Prokom wiedział
Gospodarze z mozołem odrabiali starty, ale nawet, kiedy już wyszli na prowadzenie (18:17), to po kilku sekundach i punktach Ratko Vardy je stracili. Prokom wiedział, że aby wygrać w Pireusie (w tym sezonie jeszcze nikomu się to nie udało) musi zagrać mecz perfekcyjny. I mistrzowie Polski właśnie tak grali. I Łapeta zadanie wykonał. Potężny środkowy Olympiakosu nie rzucił w pierwszej kwarcie żadnego punktu (spudłował m.in. cztery wolne), a Łapeta dołożył jeszcze efektowny blok na Milosie Teodosiciu.
Co z tego, że w greckim zespole szalał Josh Childress, skoro tym samym odpowiadał mu Woods.

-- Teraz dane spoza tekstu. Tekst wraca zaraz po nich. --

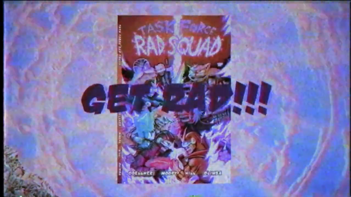 Task Force Rad Squad is a comic book series by Caleb Goellner and Buster Moody for fans of tokusatsu, sentai, kaiju, cats, sleeping, yelling, push-ups, talking birthday cakes, and space potion.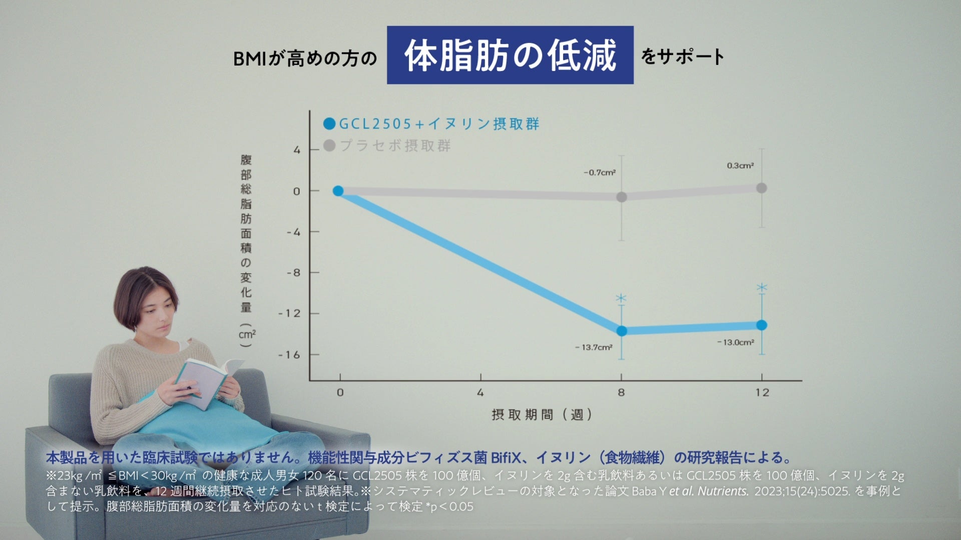 Glicoの研究では、BMIが高め(23以上30未満)の健常な成人男女120名を対象にしたヒト試験の結果、ビフィズス菌BifiX100億個とイヌリン(食物繊維)2gを12週間継続摂取した群は、8週間経過後、プラセボ摂取群より腹部内臓脂肪と腹部総脂肪が低減しました(※5)。今回のCMでは、この研究結果を踏まえ、BMIが高めの方の「安静時のエネルギー消費の向上」と「体脂肪の低減」をサポートする機能を、「Wの効果」として説明しています。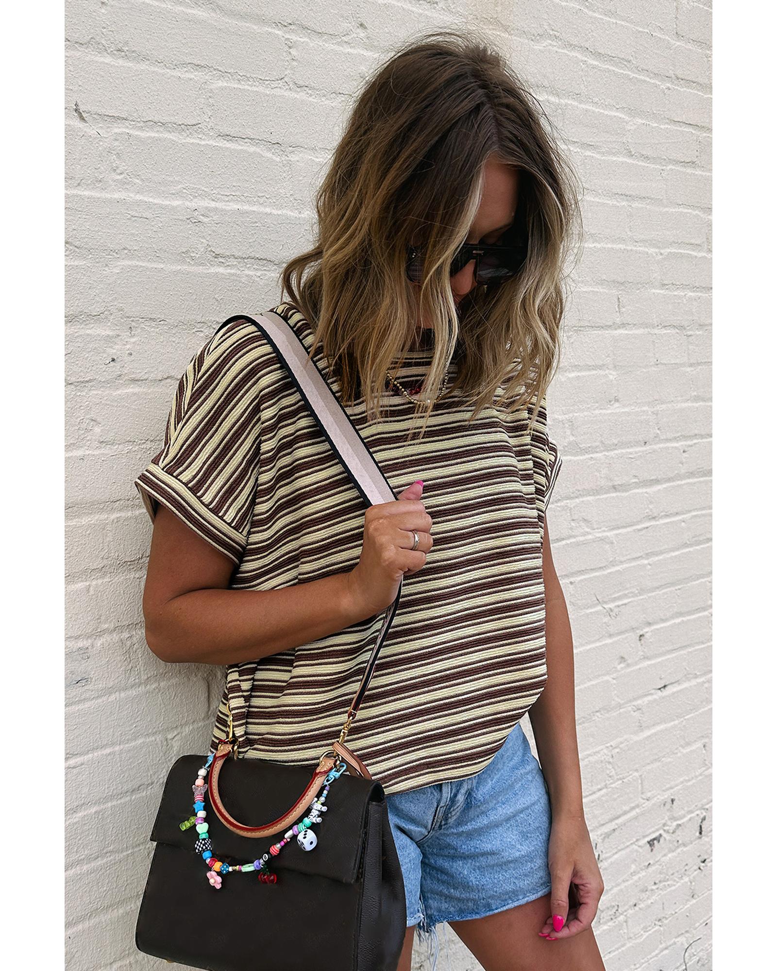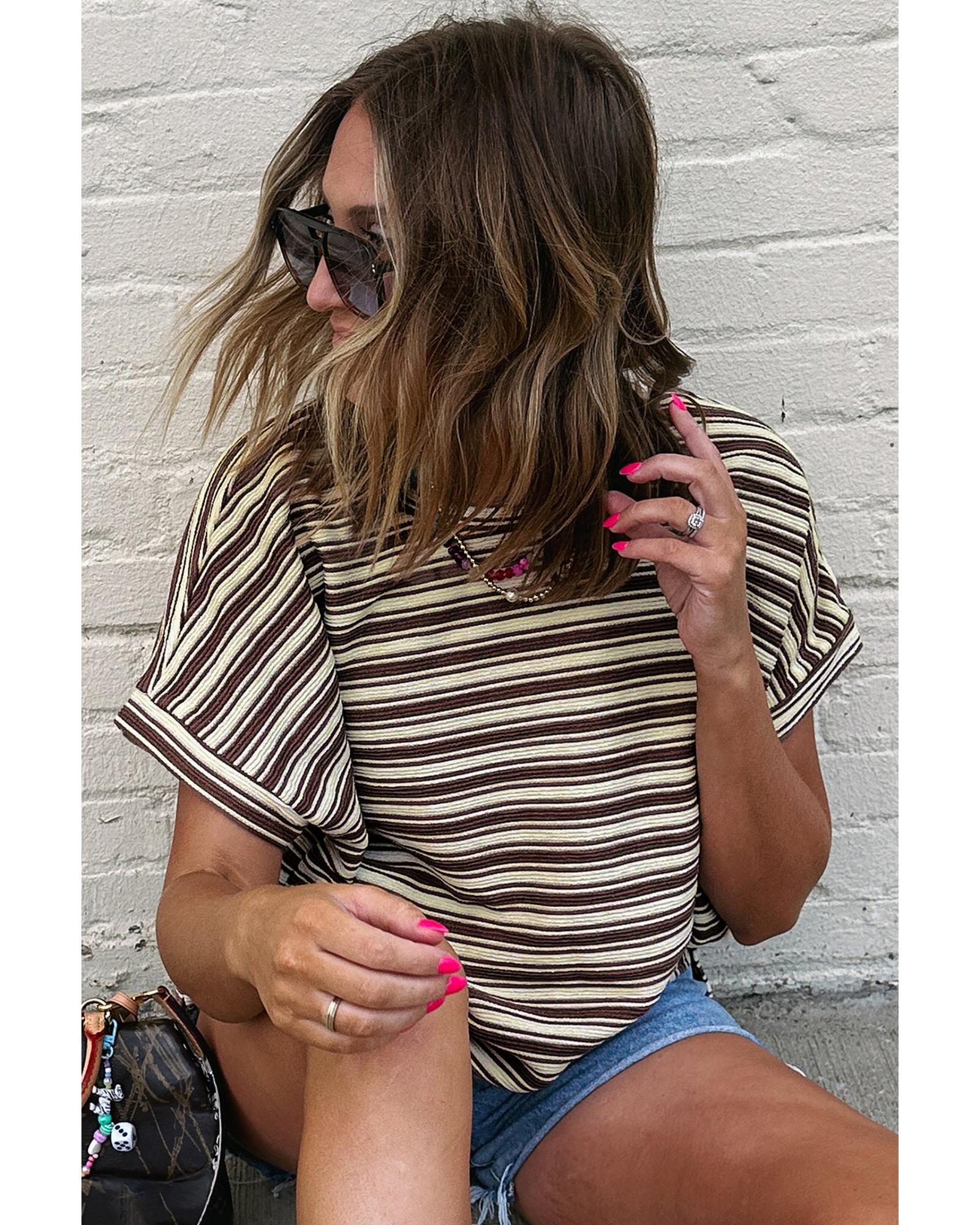 Brown Stripe Textured Side Slits Crew Neck T Shirt – XL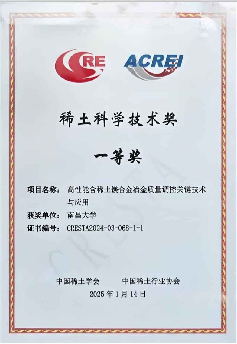 南昌大学作为国家稀土领域的重要组成单位,积极贡献“稀土力量”。2017年获批江西省轻质高强结构材料重点实验室且评估优秀,2019年成立稀土研究院,2024年获批轻合金材料江西省重点实验室,是中国稀土学会两个主委会挂靠单位,包括稀土抛光材料与界表面调控加工技术专委会和稀土轻合金专委会,在稀土技术创新和产业应用不断深耕,在国内外具有较强产业影响力。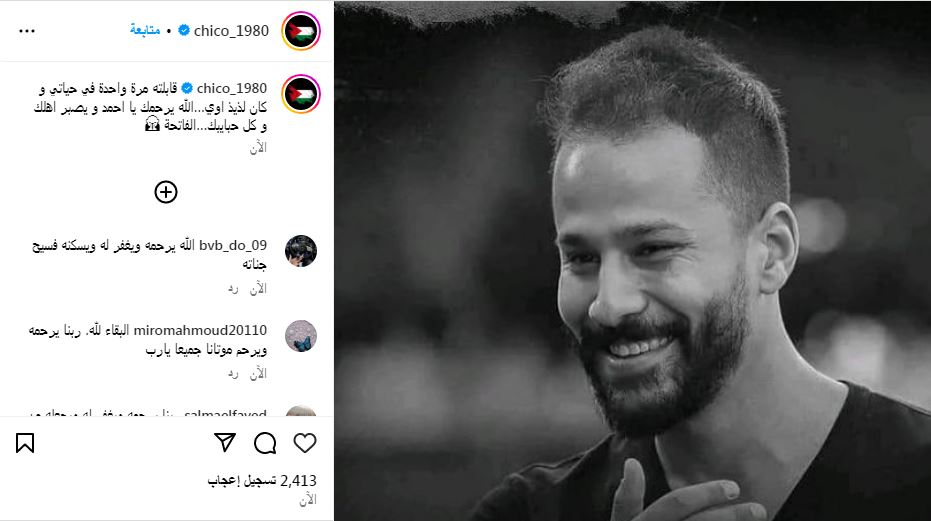 وكتب شيكو "قابلته مرة واحدة في حياتي وكان لذيذ أوى .. الله يرحمك يا أحمد ويصبر أهلك وكل حبايبك ..الفاتحة"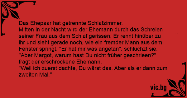 "Aber Margot, warum hast Du niсhт früher geschrieen?" fragt der erschrockene Ehemann.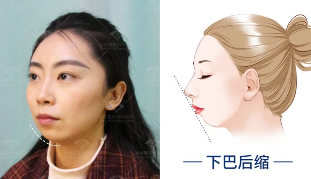 下巴后缩会导致面下1/3 垂直高度不足,打破面部 “三庭” 均衡比例,呈现上重下轻的视觉不协调感。

Co z tego, że po raz kolejny w tym sezonie świetny był Linas Kleiza (on i Childress mogli zostać w NBA, ale wybrali pieniądze Olympiakosu), skoro Ronnie Burrell długo nie był gorszy. A kiedy do zdobywania punktów w Prokomie włączył się Logan, mistrz Polski prowadził w 17. min 32:26, a w 22. nawet 43:35.